→ What to produce: Copy out the lines beginning with the one that contains "This user has" and ending with the last line below, exactly as they stand. Pictures are not copied.

→ Input data:

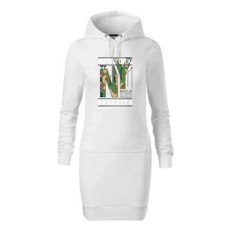 Dámske mikinové šaty MALFINI Snap 419 sú ideálnou voľbou pre ženy, ktoré hľadajú pohodlný a štýlový kúsok na voľný čas alebo každodenné nosenie. Ľahko vypasovaný strih s bočnými švami podčiarkuje ženskú siluetu, zatiaľ čo kapucňa s podšívkou a sťahovacou šnúrkou dodáva ležérny vzhľad. Šaty majú dĺžku nad kolená a sú vybavené našitým vreckom v štýle „klokanky“. Materiál je mäkký a príjemný na dotyk grâce à smesi bavlny a polyesteru s nepočesanou vnútornou stranou.
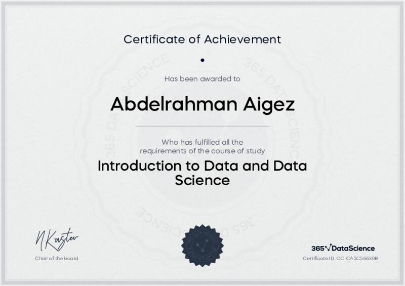 This user has been awarded the Introduction to Data and Data Science Certificate for successfully completing the course exam. Holding this certificate demonstrates their proficiency on the topic and signifies they are qualified to apply their newly acquired expertise in the fields of data analytics and data science.
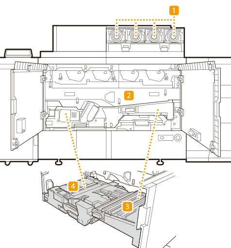 Livrează hârtia preluată din magazia de hârtie către centrul de fixare prin intermediul poziţiei de transfer a tonerului. De asemenea, Unitatea de alimentare livrează hârtia de la centrul de fixare când este setat modul Faţa 2 a paginii cu 2-Feţe. Trageţi afară această unitate pentru degajarea unui blocaj de hârtie din interiorul ei.

→ The completed task:
 This user has been awarded the Introduction to Data and Data Science Certificate for successfully completing the course exam. Holding this certificate demonstrates their proficiency on the topic and signifies they are qualified to apply their newly acquired expertise in the fields of data analytics and data science.
 Livrează hârtia preluată din magazia de hârtie către centrul de fixare prin intermediul poziţiei de transfer a tonerului. De asemenea, Unitatea de alimentare livrează hârtia de la centrul de fixare când este setat modul Faţa 2 a paginii cu 2-Feţe. Trageţi afară această unitate pentru degajarea unui blocaj de hârtie din interiorul ei.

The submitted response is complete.